More than 52 registered species of reptiles live in Nevada, where 12 are considered venomous and an additional 6 are considered dangerous. Venomous species of snakes include the sidewinder, western diamondback and Great Basin rattlesnakes. Other species of reptiles include the venomous Gila monster, northern desert horned lizard, sagebrush lizard, leopard lizard, western fence lizard, short-horned lizard and the Nevadan official state reptile: the threatened desert tortoise.

The desert tortoise, which can live up to seventy years, is found in southwestern Nevada and is the largest reptile in the southwestern United States. In parts of the state, the population has decreased thirty to fifty percent due to predation, disease, vandalism and illegal collection by humans.

== Fish ==

Nevada has 48 species of fish living in its 600 rivers and more than 200 lakes. Large lakes with several species of fish include for instance Pyramid Lake, Lake Tahoe, Lake Mead, Lake Mohave, Franklin Lake and Walker Lake. At least 12 of Nevada's fishes are endemic to Nevada waters – they occur here and exist nowhere else in the world. Examples of endemic Nevadan fish are Devil's Hole pupfish in Devils Hole, moapa dace in Muddy River and the Cui-ui in Pyramid Lake and Truckee River.

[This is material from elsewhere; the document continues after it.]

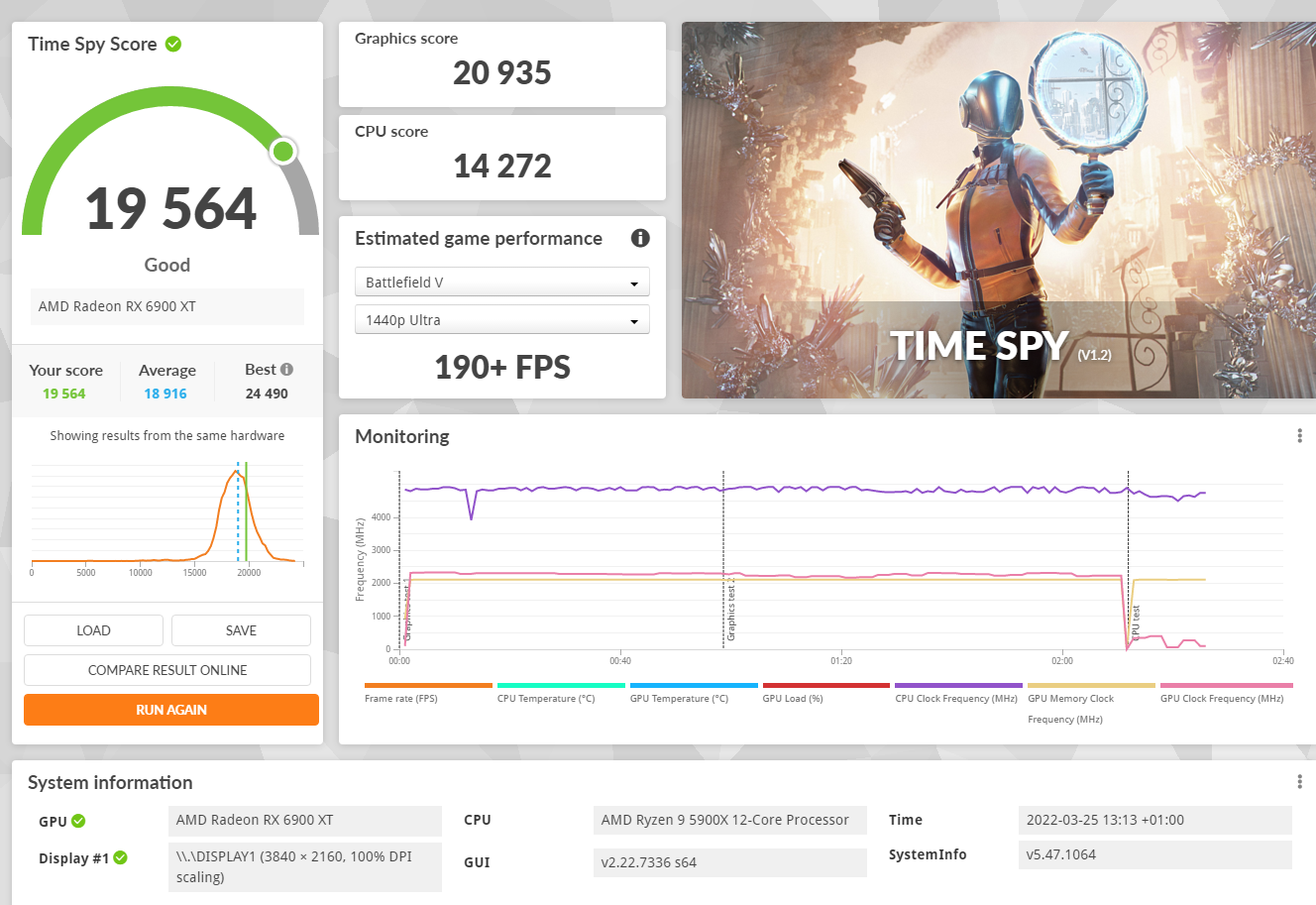 Edit: So mal gleiche Einstellungen bei der GPU wie beim 12900k diesmal mit 5900x.So ganz reicht es nicht,scheint einen kleinen (vernachlässigbaren) Einfluss zu haben selbst wenn wir einen kleinen Puffer von 100 Punkten drauf rechnen.Da bleiben immer noch gut 200 Punkte Unterschied im Schnitt.

The Lahontan cutthroat trout is the official state fish and a native trout found in 14 of the State's 17 counties. Fish species in Nevada include mountain whitefish, Great Basin redband trout, bull trout, Yellowstone cutthroat trout, Bonneville cutthroat trout, Lahontan cutthroat trout, rainbow trout, largemouth bass, Small Mouthed Bass, channel catfish, striped bass, bullhead catfish, crappie, green sunfish, bluegill sunfish, carps, humpback chub, razor back sucker, bonytail chub and Colorado squawfish.

== Amphibians ==

Amphibians in Nevada include the tiger salamander, western toad, Great Basin spadefoot, bullfrog, Columbia spotted frog, northern leopard frog, Woodhouse's toad, Amargosa toad, southwestern toad and several other species of toad, frog and salamander.